[Task to complete]: From the entries below, write out exactly the lines between the line holding "鉢を持ち上げて見たら ((((;゜Д゜))) 葉の下に子株が2つ" and the line holding "Lotus 3-Eleven perustuu", inclusive, excluding any pictures.

[Records for this task]:
▼

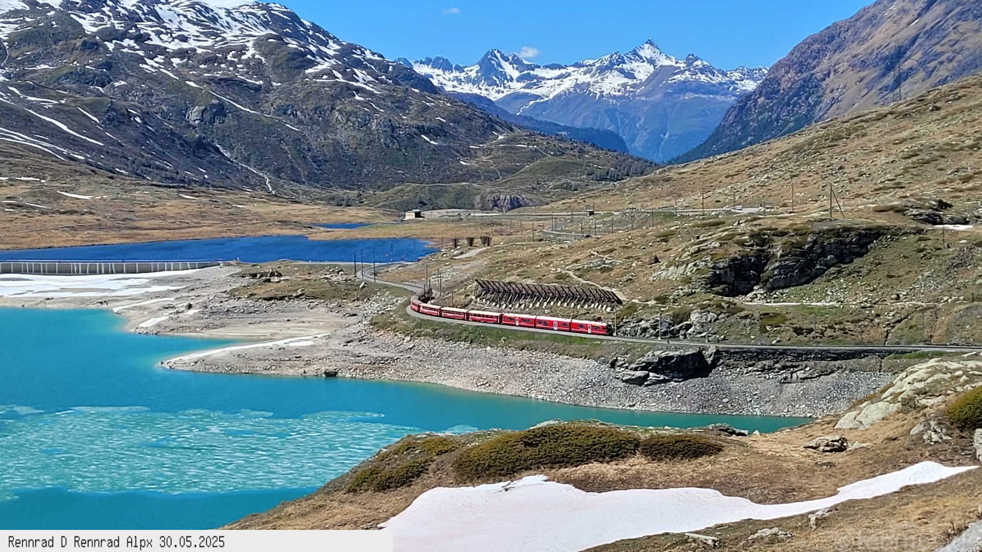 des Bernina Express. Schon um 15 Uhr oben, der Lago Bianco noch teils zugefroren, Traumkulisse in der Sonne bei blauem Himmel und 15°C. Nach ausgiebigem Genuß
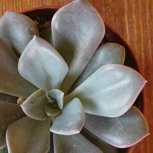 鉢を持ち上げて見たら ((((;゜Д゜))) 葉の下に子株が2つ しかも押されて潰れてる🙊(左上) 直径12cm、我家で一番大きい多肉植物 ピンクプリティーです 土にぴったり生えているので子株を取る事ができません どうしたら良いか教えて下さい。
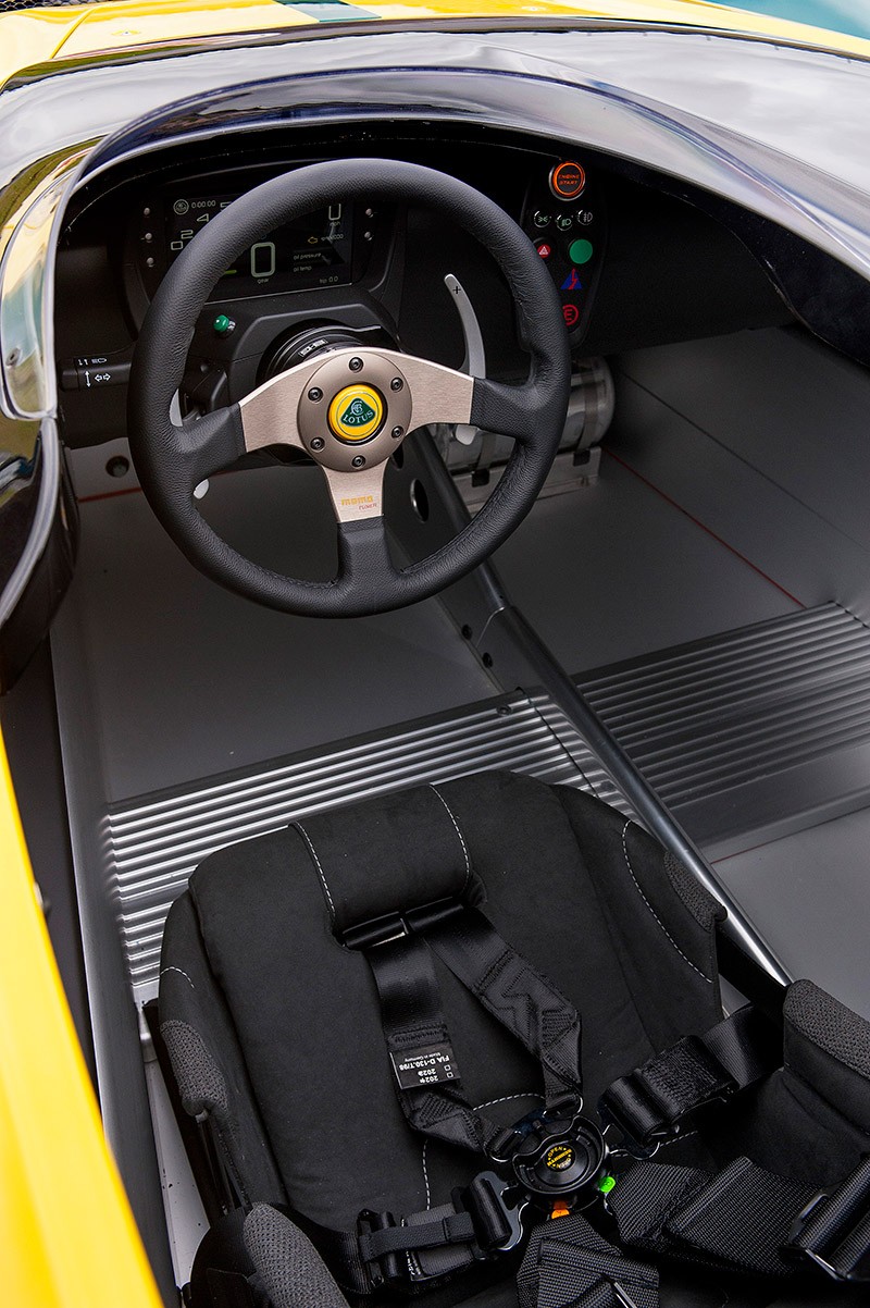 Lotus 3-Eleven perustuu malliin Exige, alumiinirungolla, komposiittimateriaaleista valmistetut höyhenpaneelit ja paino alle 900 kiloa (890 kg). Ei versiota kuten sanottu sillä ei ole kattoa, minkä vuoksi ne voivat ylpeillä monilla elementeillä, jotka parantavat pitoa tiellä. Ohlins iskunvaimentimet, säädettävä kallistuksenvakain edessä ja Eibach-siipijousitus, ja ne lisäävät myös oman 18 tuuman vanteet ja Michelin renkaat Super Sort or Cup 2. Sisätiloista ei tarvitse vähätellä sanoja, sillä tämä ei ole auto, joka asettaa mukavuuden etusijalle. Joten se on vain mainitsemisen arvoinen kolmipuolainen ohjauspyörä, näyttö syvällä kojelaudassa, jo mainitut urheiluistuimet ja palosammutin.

▲
▼

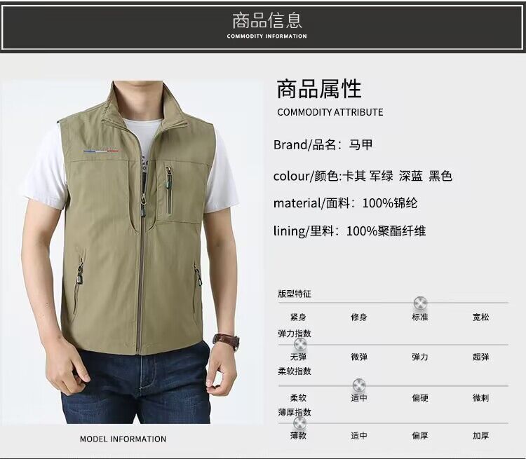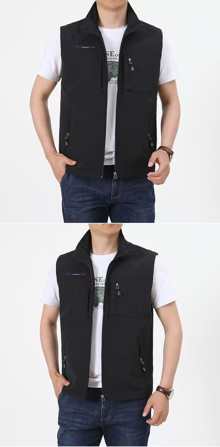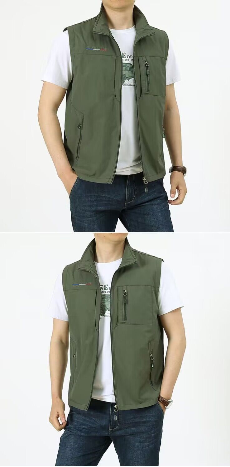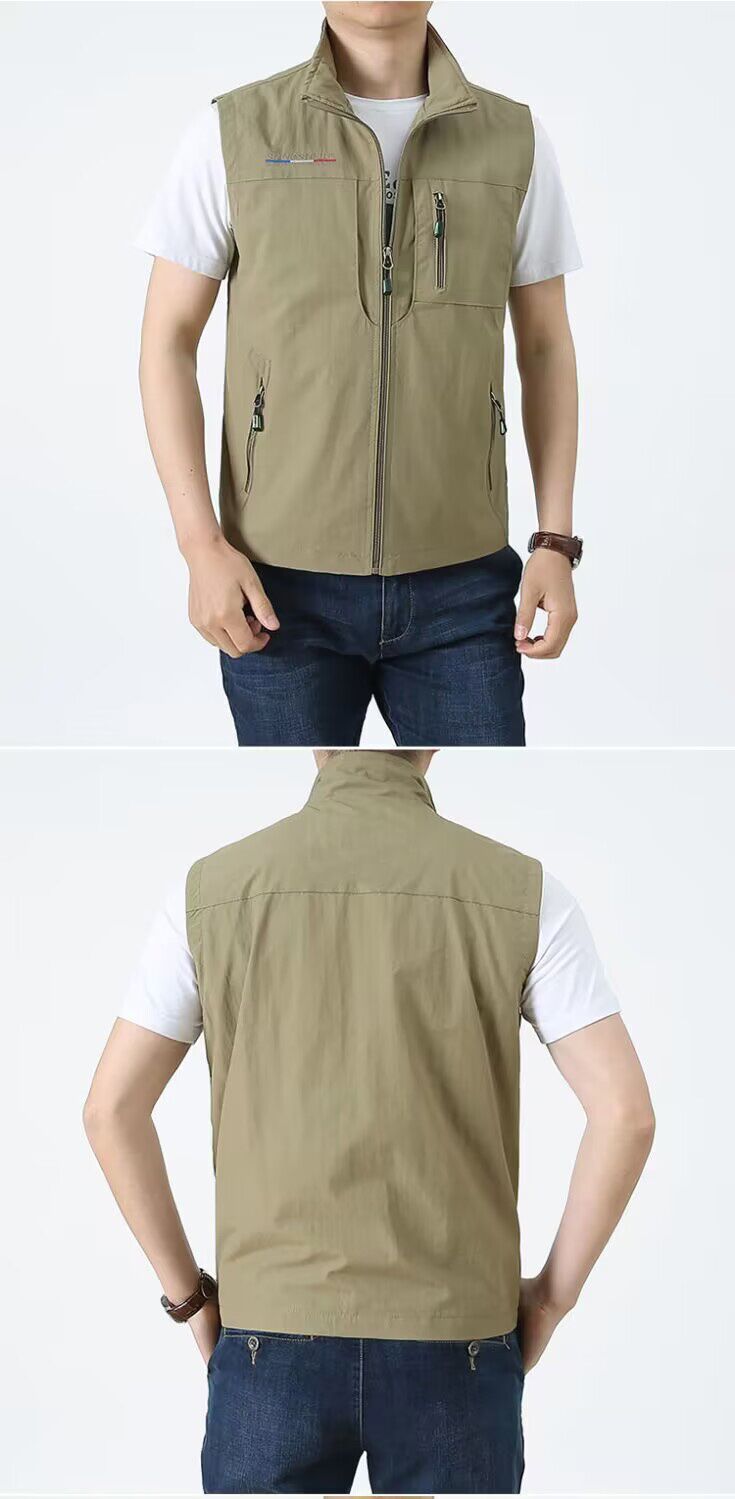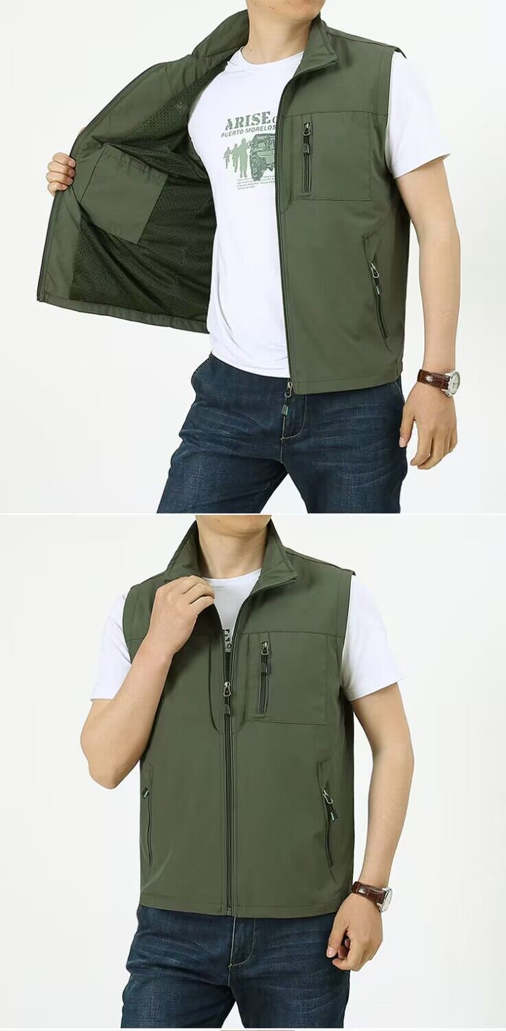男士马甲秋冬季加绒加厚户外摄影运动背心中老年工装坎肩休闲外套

▲

[Exercise answer]:
 鉢を持ち上げて見たら ((((;゜Д゜))) 葉の下に子株が2つ しかも押されて潰れてる🙊(左上) 直径12cm、我家で一番大きい多肉植物 ピンクプリティーです 土にぴったり生えているので子株を取る事ができません どうしたら良いか教えて下さい。
 Lotus 3-Eleven perustuu malliin Exige, alumiinirungolla, komposiittimateriaaleista valmistetut höyhenpaneelit ja paino alle 900 kiloa (890 kg). Ei versiota kuten sanottu sillä ei ole kattoa, minkä vuoksi ne voivat ylpeillä monilla elementeillä, jotka parantavat pitoa tiellä. Ohlins iskunvaimentimet, säädettävä kallistuksenvakain edessä ja Eibach-siipijousitus, ja ne lisäävät myös oman 18 tuuman vanteet ja Michelin renkaat Super Sort or Cup 2. Sisätiloista ei tarvitse vähätellä sanoja, sillä tämä ei ole auto, joka asettaa mukavuuden etusijalle. Joten se on vain mainitsemisen arvoinen kolmipuolainen ohjauspyörä, näyttö syvällä kojelaudassa, jo mainitut urheiluistuimet ja palosammutin.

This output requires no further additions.